Segment Start: Data to examine

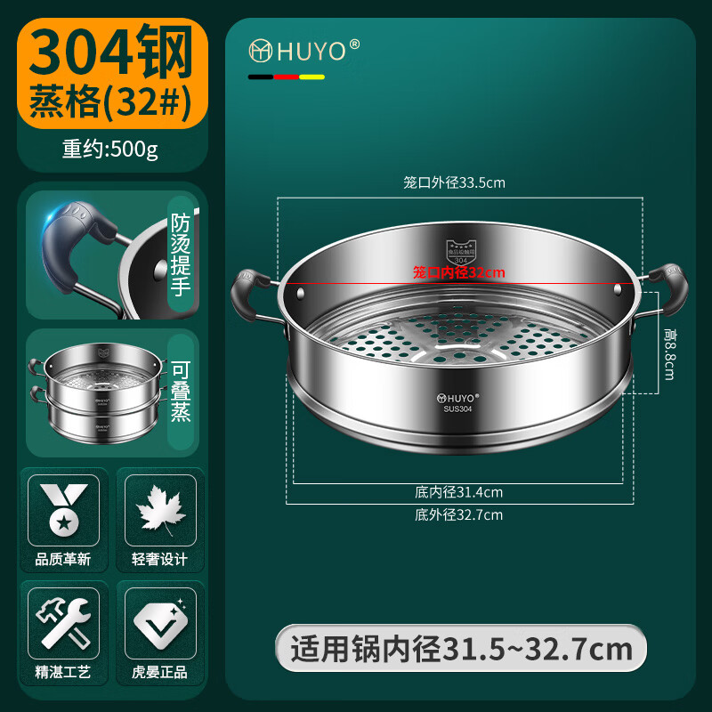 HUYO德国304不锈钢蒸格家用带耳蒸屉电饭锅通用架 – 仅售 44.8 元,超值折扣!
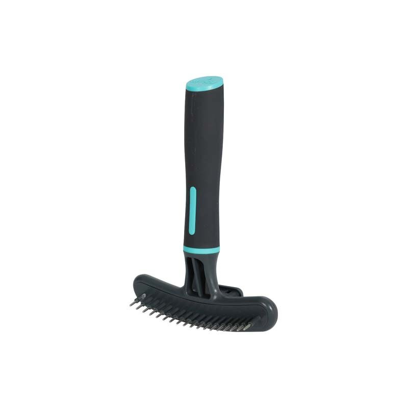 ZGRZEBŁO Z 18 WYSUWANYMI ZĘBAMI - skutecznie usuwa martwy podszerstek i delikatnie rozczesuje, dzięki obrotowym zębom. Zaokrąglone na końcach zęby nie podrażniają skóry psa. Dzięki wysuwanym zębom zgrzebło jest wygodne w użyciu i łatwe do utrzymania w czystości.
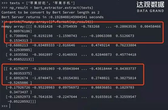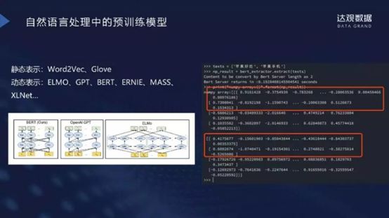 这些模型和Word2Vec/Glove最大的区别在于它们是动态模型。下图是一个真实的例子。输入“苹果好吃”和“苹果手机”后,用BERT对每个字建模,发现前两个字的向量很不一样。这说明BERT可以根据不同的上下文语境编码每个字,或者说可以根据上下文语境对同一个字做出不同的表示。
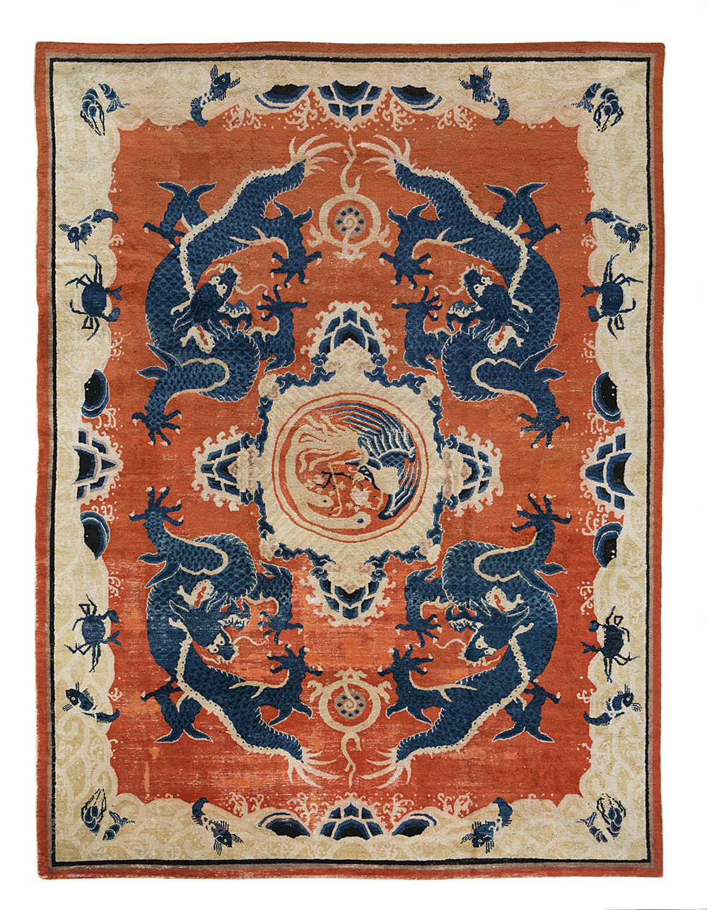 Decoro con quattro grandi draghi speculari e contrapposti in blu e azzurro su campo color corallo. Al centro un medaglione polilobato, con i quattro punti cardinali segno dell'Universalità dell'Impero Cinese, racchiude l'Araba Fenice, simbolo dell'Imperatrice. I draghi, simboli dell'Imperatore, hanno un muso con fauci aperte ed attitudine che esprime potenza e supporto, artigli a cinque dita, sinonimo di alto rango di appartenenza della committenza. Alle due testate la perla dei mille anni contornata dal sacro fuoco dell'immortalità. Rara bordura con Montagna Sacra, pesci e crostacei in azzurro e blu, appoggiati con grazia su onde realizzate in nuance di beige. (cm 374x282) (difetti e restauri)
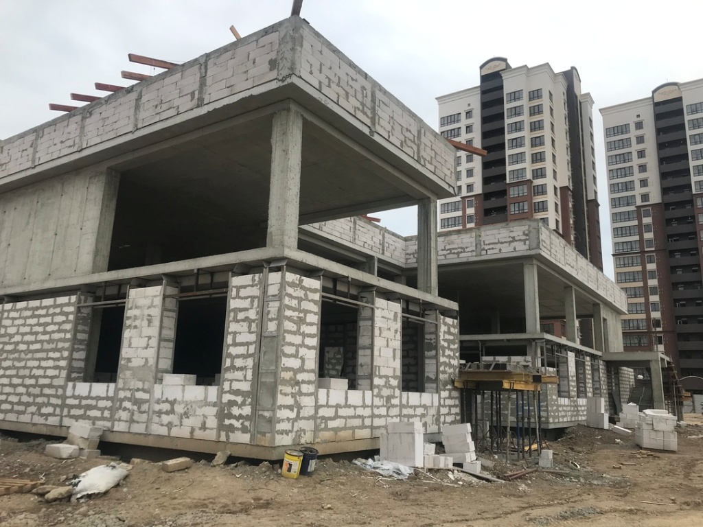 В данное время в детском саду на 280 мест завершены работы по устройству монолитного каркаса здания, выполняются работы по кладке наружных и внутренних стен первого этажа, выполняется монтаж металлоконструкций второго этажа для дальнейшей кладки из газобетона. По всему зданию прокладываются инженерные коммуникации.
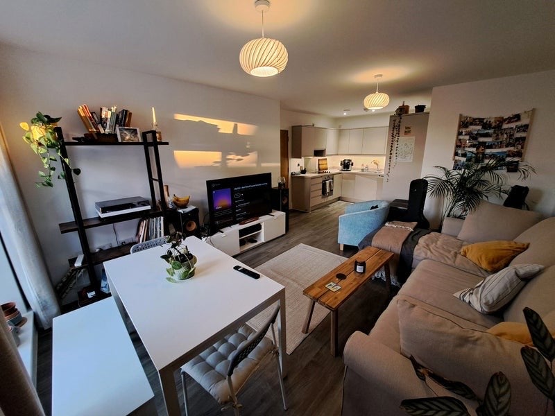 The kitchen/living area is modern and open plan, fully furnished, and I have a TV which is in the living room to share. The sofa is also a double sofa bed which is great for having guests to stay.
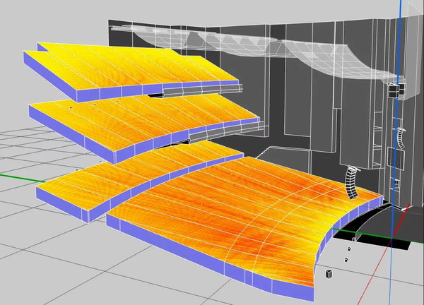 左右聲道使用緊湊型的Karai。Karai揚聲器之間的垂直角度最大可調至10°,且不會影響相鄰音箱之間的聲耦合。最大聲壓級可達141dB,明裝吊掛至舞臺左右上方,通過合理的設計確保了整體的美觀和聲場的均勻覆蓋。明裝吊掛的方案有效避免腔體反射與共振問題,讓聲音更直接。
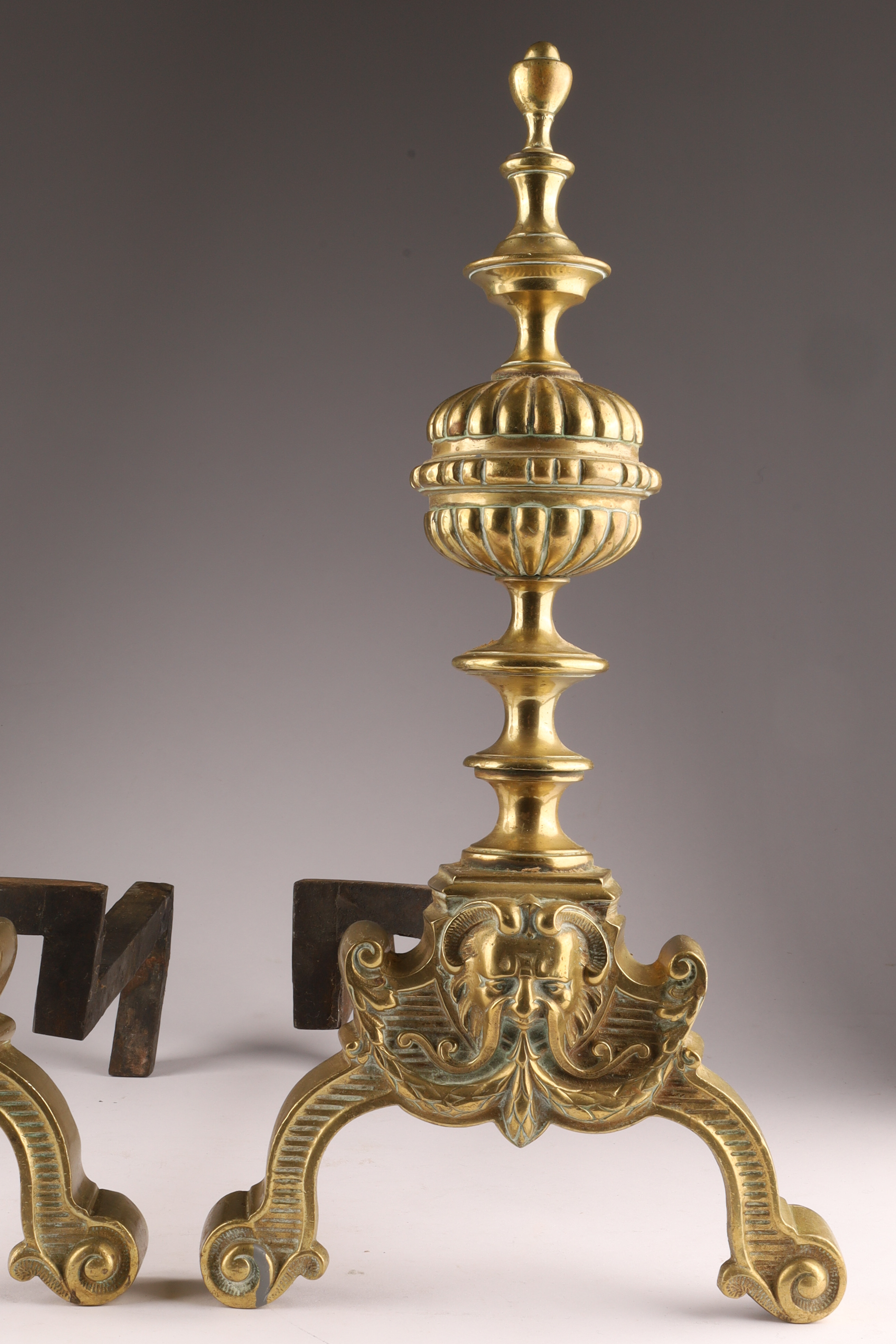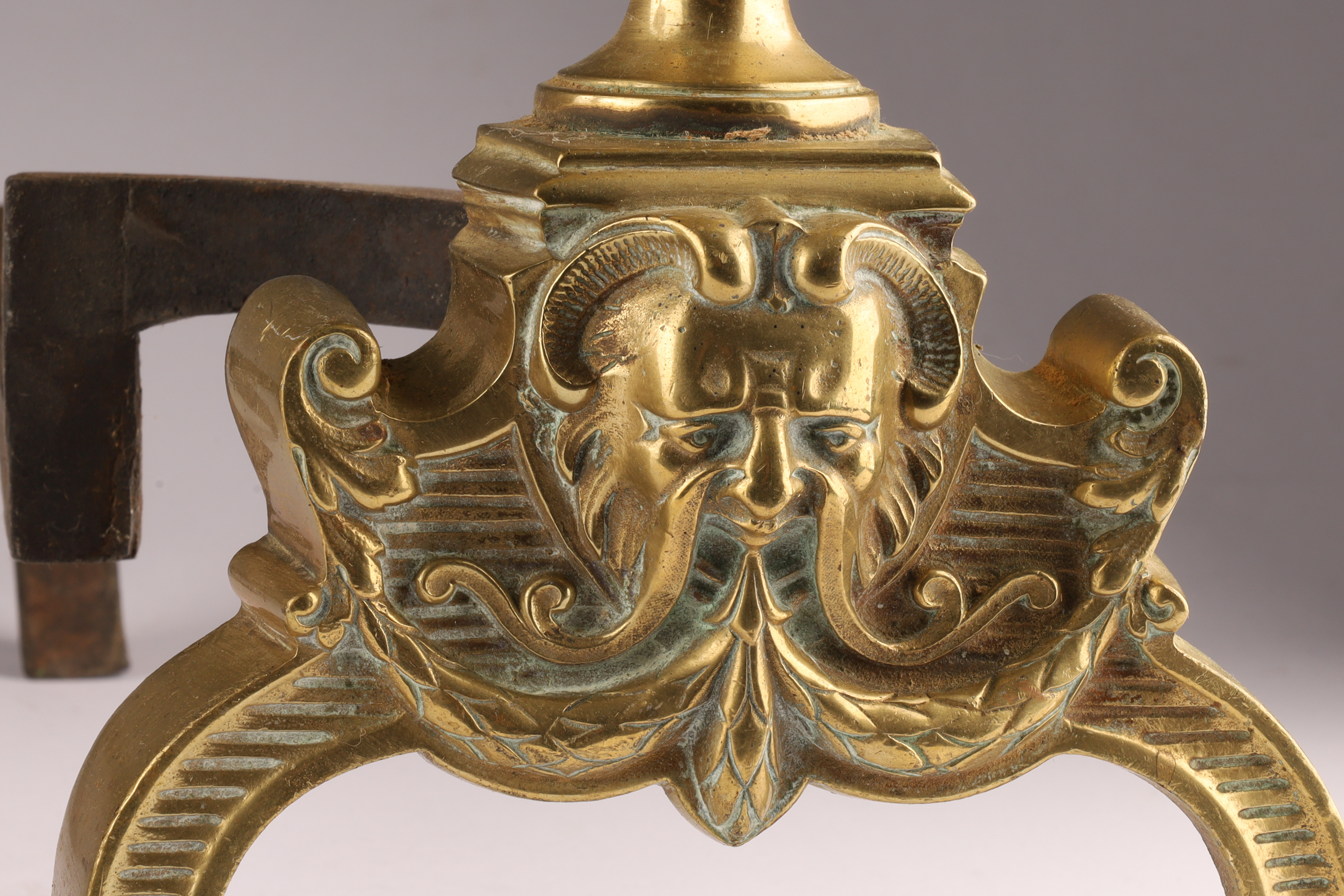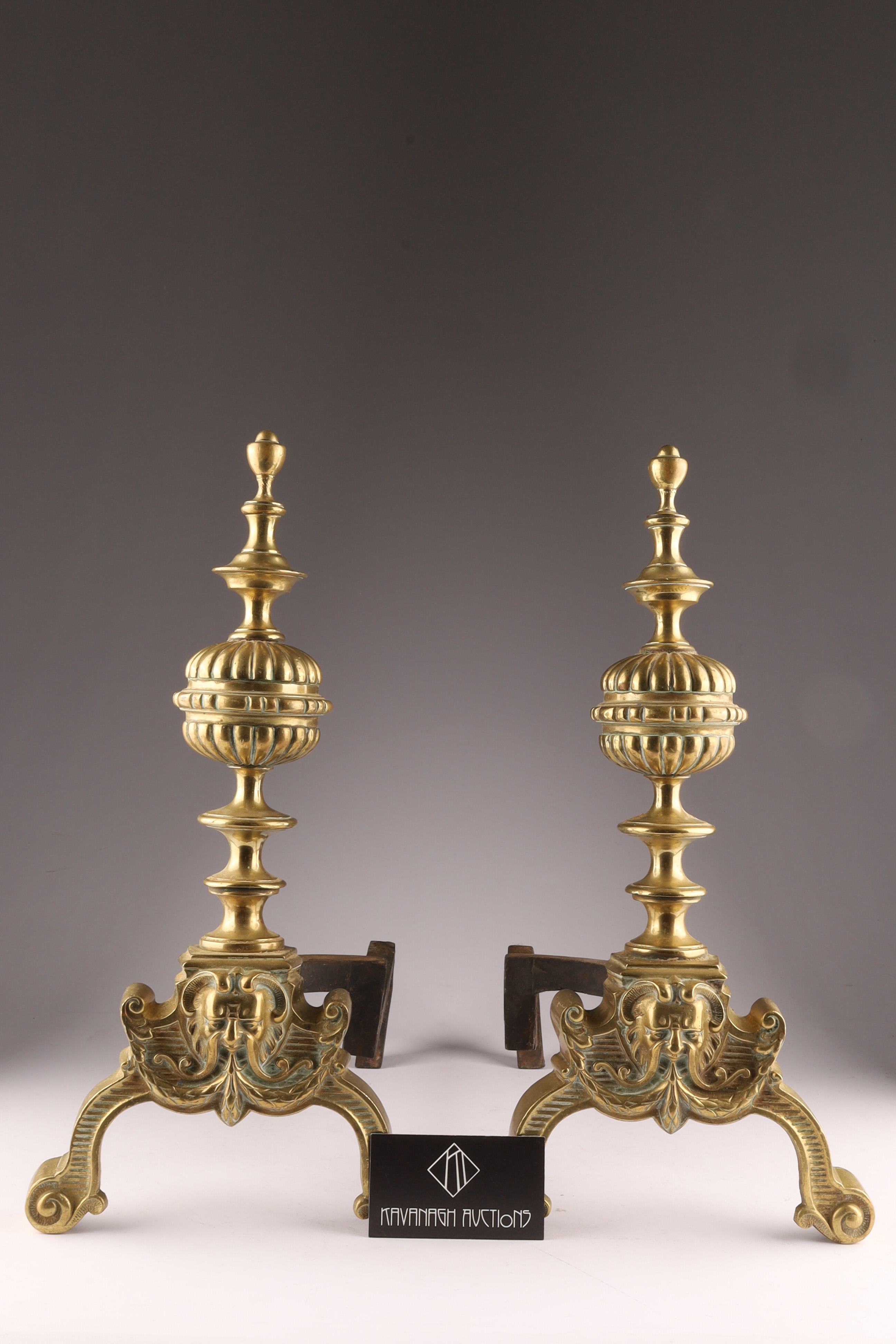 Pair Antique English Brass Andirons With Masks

Segment End: Data to examine

■ Task statement
All lines from the one with "В данное время" through the end of the records above must be reproduced exactly, both ends included, and the pictures must be left out.

■ Answer box
 В данное время в детском саду на 280 мест завершены работы по устройству монолитного каркаса здания, выполняются работы по кладке наружных и внутренних стен первого этажа, выполняется монтаж металлоконструкций второго этажа для дальнейшей кладки из газобетона. По всему зданию прокладываются инженерные коммуникации.
 The kitchen/living area is modern and open plan, fully furnished, and I have a TV which is in the living room to share. The sofa is also a double sofa bed which is great for having guests to stay.
 左右聲道使用緊湊型的Karai。Karai揚聲器之間的垂直角度最大可調至10°,且不會影響相鄰音箱之間的聲耦合。最大聲壓級可達141dB,明裝吊掛至舞臺左右上方,通過合理的設計確保了整體的美觀和聲場的均勻覆蓋。明裝吊掛的方案有效避免腔體反射與共振問題,讓聲音更直接。
 Pair Antique English Brass Andirons With Masks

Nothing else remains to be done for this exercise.